*** Opening of Data records ***

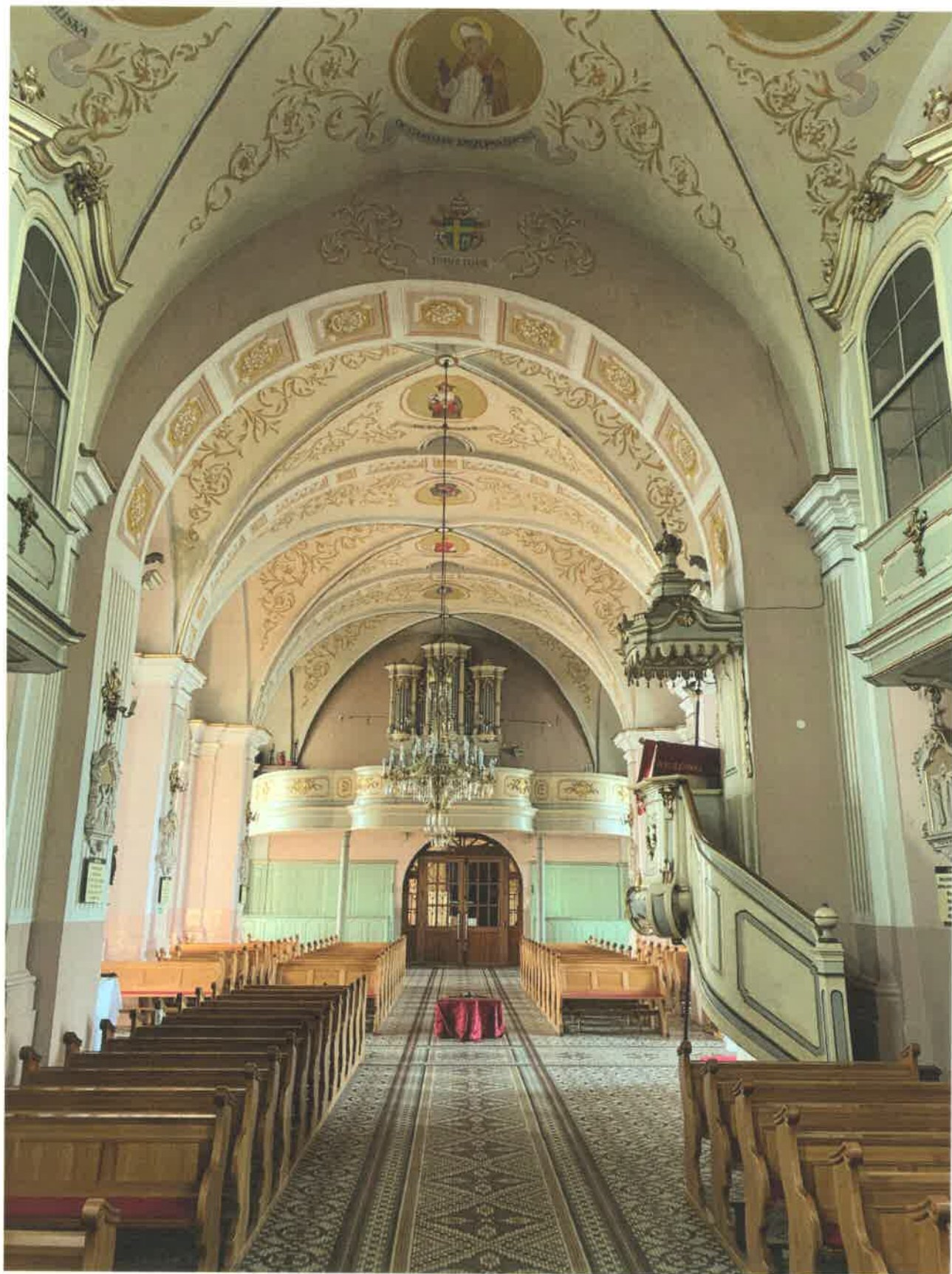
Fot. 2. Widok na wnętrze świątyni w stronę chóru.
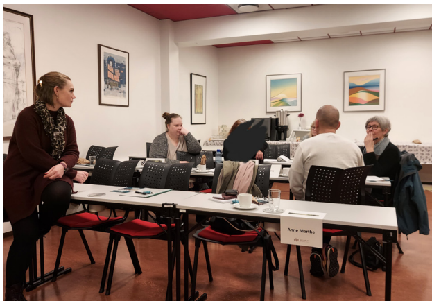
Deltakere på Selvstyringskurs for Lpp på Folkets Hus på Hamar.

Vi har også hatt et Prosesslederkurs på Hamar, med godkjenning av 8 nye prosessledere, hvorav 3 fra Tunet Brukerstyrt Senter i Hå kommune, og 5 fra Hamar. Gratulerer til alle dere, og det viktige arbeidet dere skal videreføre fremover!
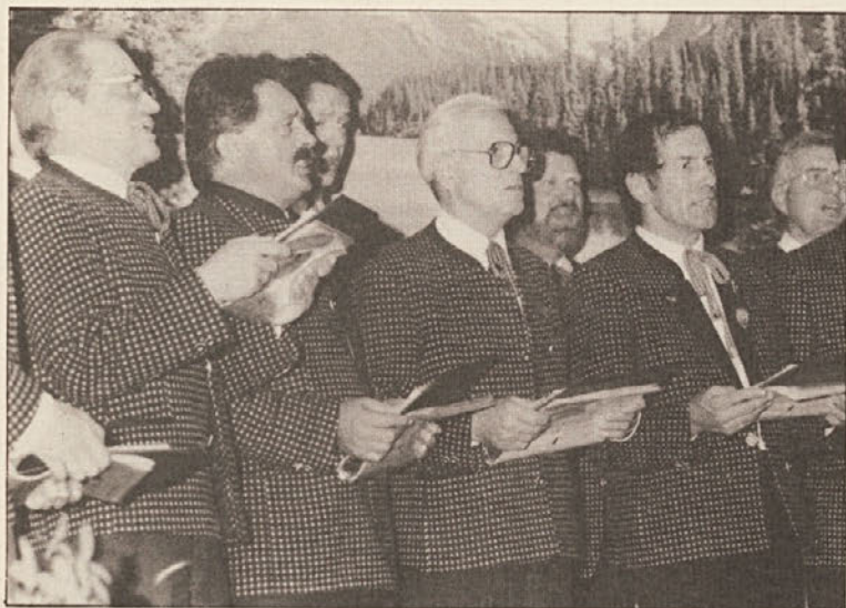
Gost je tokrat prišel z Nižje Avstrije. Predstavil se je MGVB Bad Fischau.
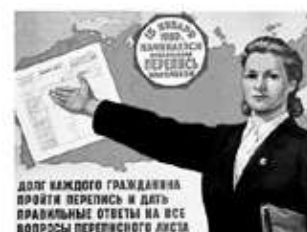
Четвертая Всесоюзная перепись населения 1959 г.
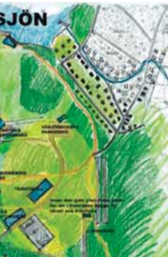
Kommunens egen skiss som visar hur den västra delen av sportfältet byggs sönder med stora hus och en väg mellan Väsjöstadens och Edsberg.
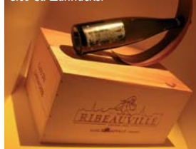
Clos du Zahnacker

Tél. (0)3 89 47 92 51 - http://www.dopff-irion.com
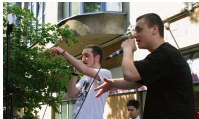
Die Hip-Hop-Fabrik auf der Straßenbühne.
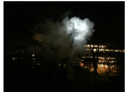
Projection sur vapeur d'eau / arbre, Tony Oursler
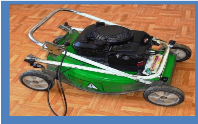
ماشین چمن زن بنزینی
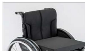
MD05 Back support upholstery, breathable
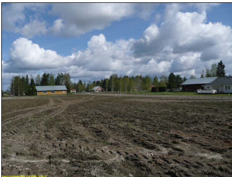
Kumolan kaava-alueen itäosa, kuvattu itään.
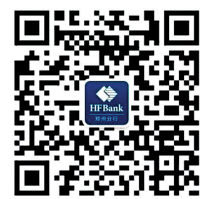
恒丰银行郑州分行
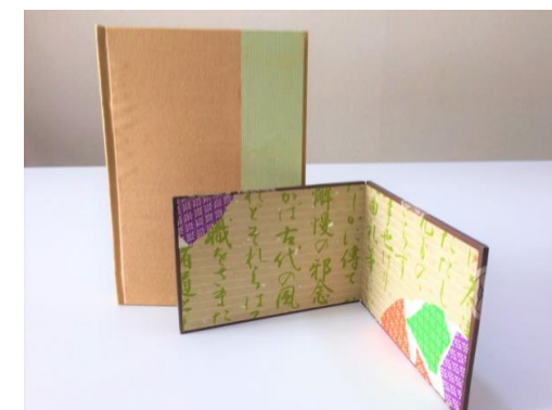
S介護士さんの手帳、ミニ屏風 —包装紙や残り布で—
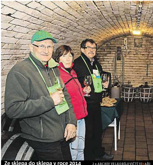
Ze sklepa do sklepa v roce 2014 2 x ARCHIV VELKOBÍLOVICÍ VINAŘI

„Vstupné zahrnuje nejenom neomezenou degustaci
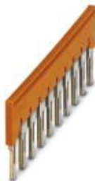
Перемычка, размер шага: 8,2 мм, ширина: 80,3 мм, полюсов: 10, цвет: оранжевый

Обратите внимание на то, что приведенные здесь данные взяты из online-каталога. Полная информация и данные содержатся в документации пользователя. Действуют Общие условия использования для информации, загруженной из интернета. ( http://phoenixcontact.ru/download )
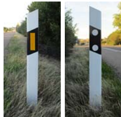
Hitos de arista
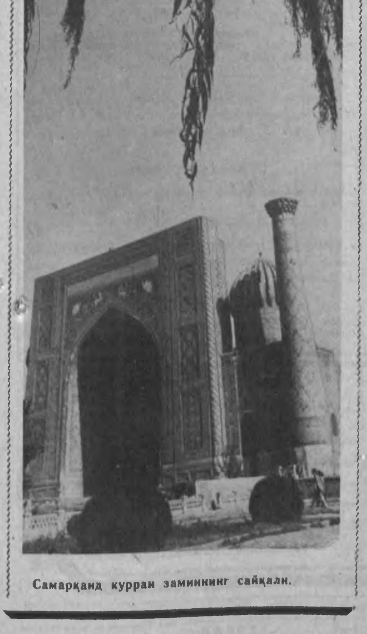
Самарқанд қурраи заминининг сайқали.
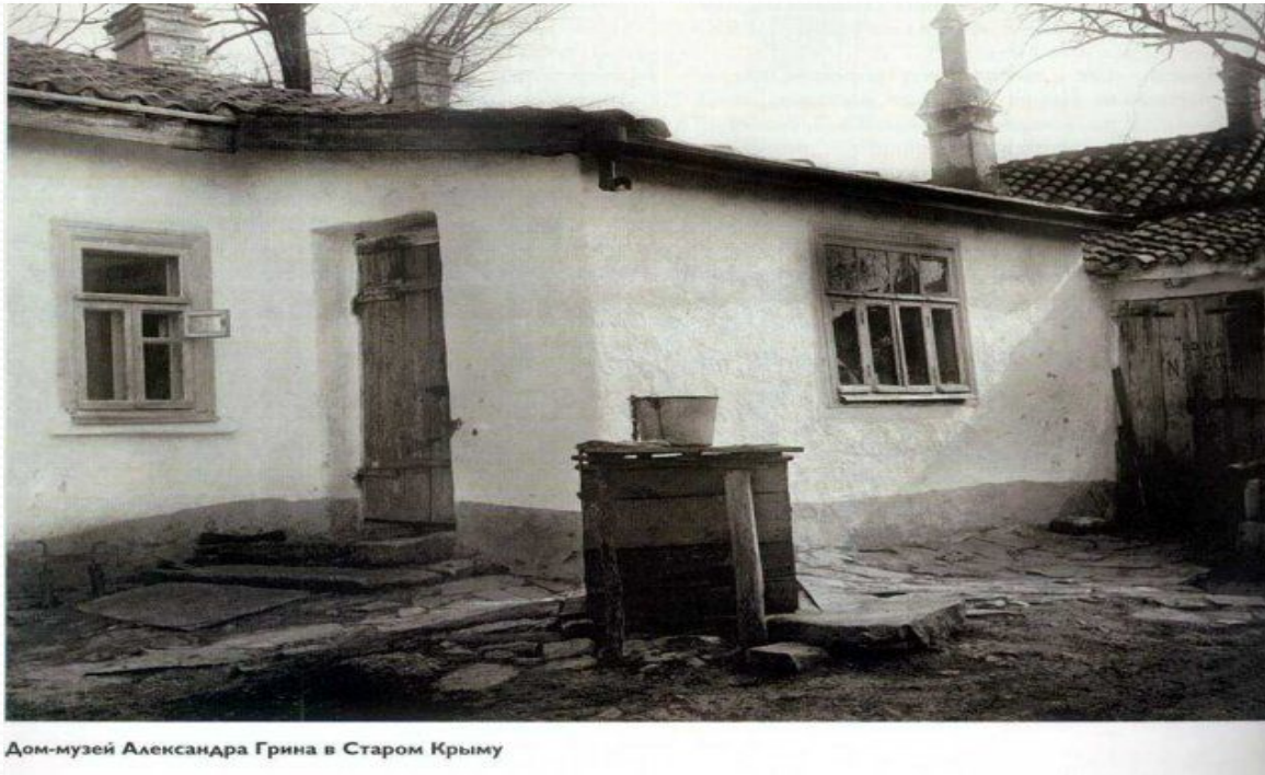
Дом-музей Александра Грина в Старом Крыму
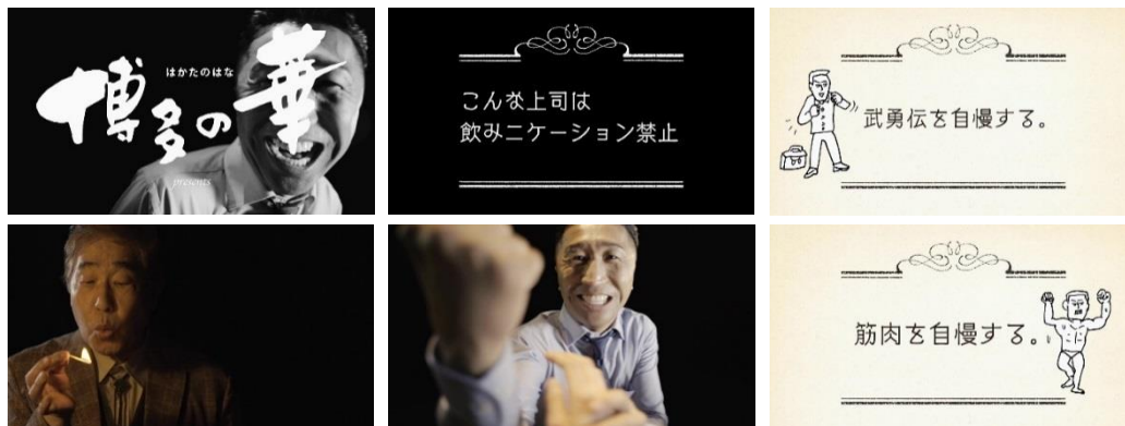
本格焼酎「博多の華」WEB 動画 「こんな上司は飲みニケーション禁止」より

■WEB 動画 URL : https://youtu.be/hGytpE_Pnr0
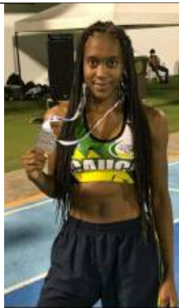
PARTICIPACIÓN LIGA DE ATLETISMO
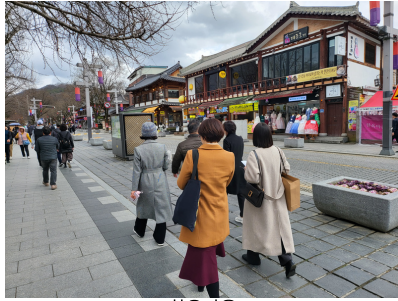
한옥마을 (Hanok Village)

*** Close of Data records ***

» Prompt
Copy exactly the lines that run from the line containing "Hitos de arista" to the end of the data, keeping both end lines and dropping every picture.

» Result of the exercise
Hitos de arista
Самарқанд қурраи заминининг сайқали.
Дом-музей Александра Грина в Старом Крыму
本格焼酎「博多の華」WEB 動画 「こんな上司は飲みニケーション禁止」より

■WEB 動画 URL : https://youtu.be/hGytpE_Pnr0
PARTICIPACIÓN LIGA DE ATLETISMO
한옥마을 (Hanok Village)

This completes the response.